------ SUPPLIED INFORMATION ------
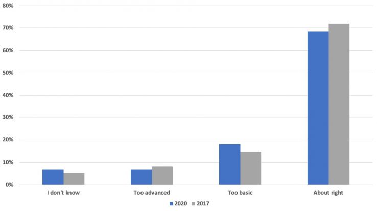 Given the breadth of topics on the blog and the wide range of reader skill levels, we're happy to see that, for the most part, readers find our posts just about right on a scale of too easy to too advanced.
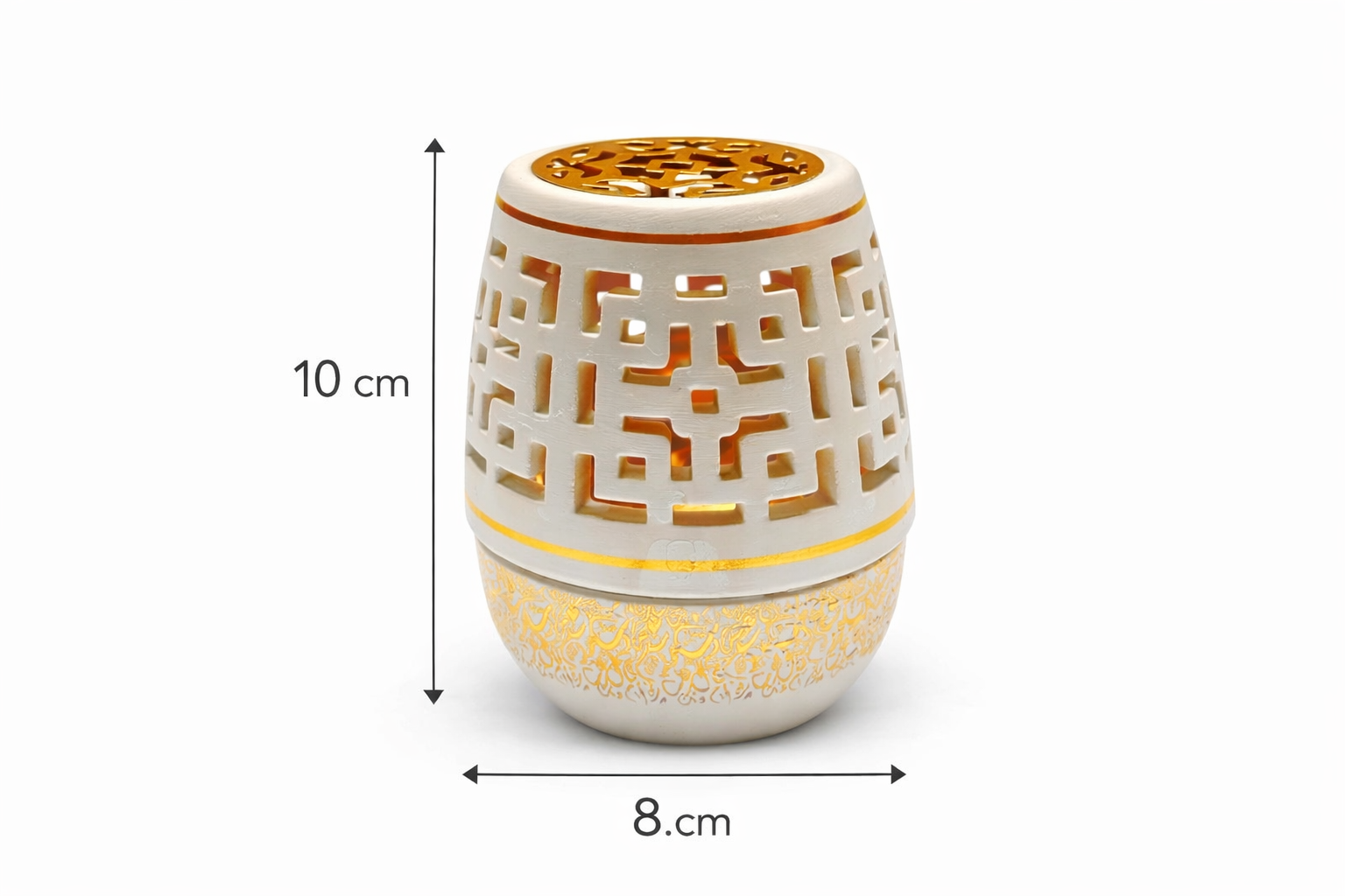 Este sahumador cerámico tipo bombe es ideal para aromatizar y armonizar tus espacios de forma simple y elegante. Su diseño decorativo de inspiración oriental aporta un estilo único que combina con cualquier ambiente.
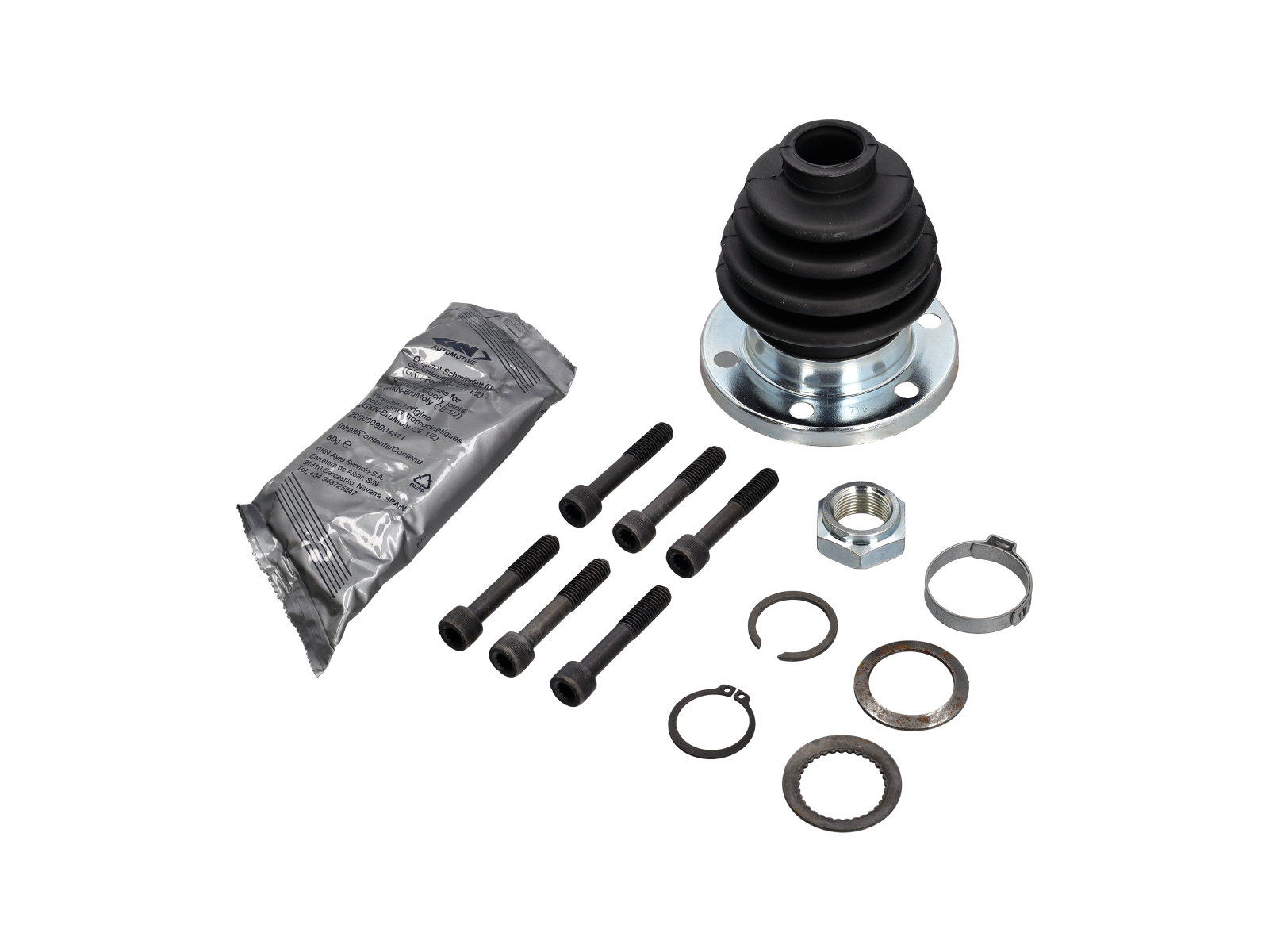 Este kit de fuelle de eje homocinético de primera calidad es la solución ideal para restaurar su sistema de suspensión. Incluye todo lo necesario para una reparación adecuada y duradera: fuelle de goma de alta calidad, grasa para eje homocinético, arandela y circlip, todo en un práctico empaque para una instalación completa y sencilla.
------
■ **EXERCISE**
All of the lines above should be copied exactly, apart from the pictures.

■ **EXPECTED ANSWER**
 Given the breadth of topics on the blog and the wide range of reader skill levels, we're happy to see that, for the most part, readers find our posts just about right on a scale of too easy to too advanced.
 Este sahumador cerámico tipo bombe es ideal para aromatizar y armonizar tus espacios de forma simple y elegante. Su diseño decorativo de inspiración oriental aporta un estilo único que combina con cualquier ambiente.
 Este kit de fuelle de eje homocinético de primera calidad es la solución ideal para restaurar su sistema de suspensión. Incluye todo lo necesario para una reparación adecuada y duradera: fuelle de goma de alta calidad, grasa para eje homocinético, arandela y circlip, todo en un práctico empaque para una instalación completa y sencilla.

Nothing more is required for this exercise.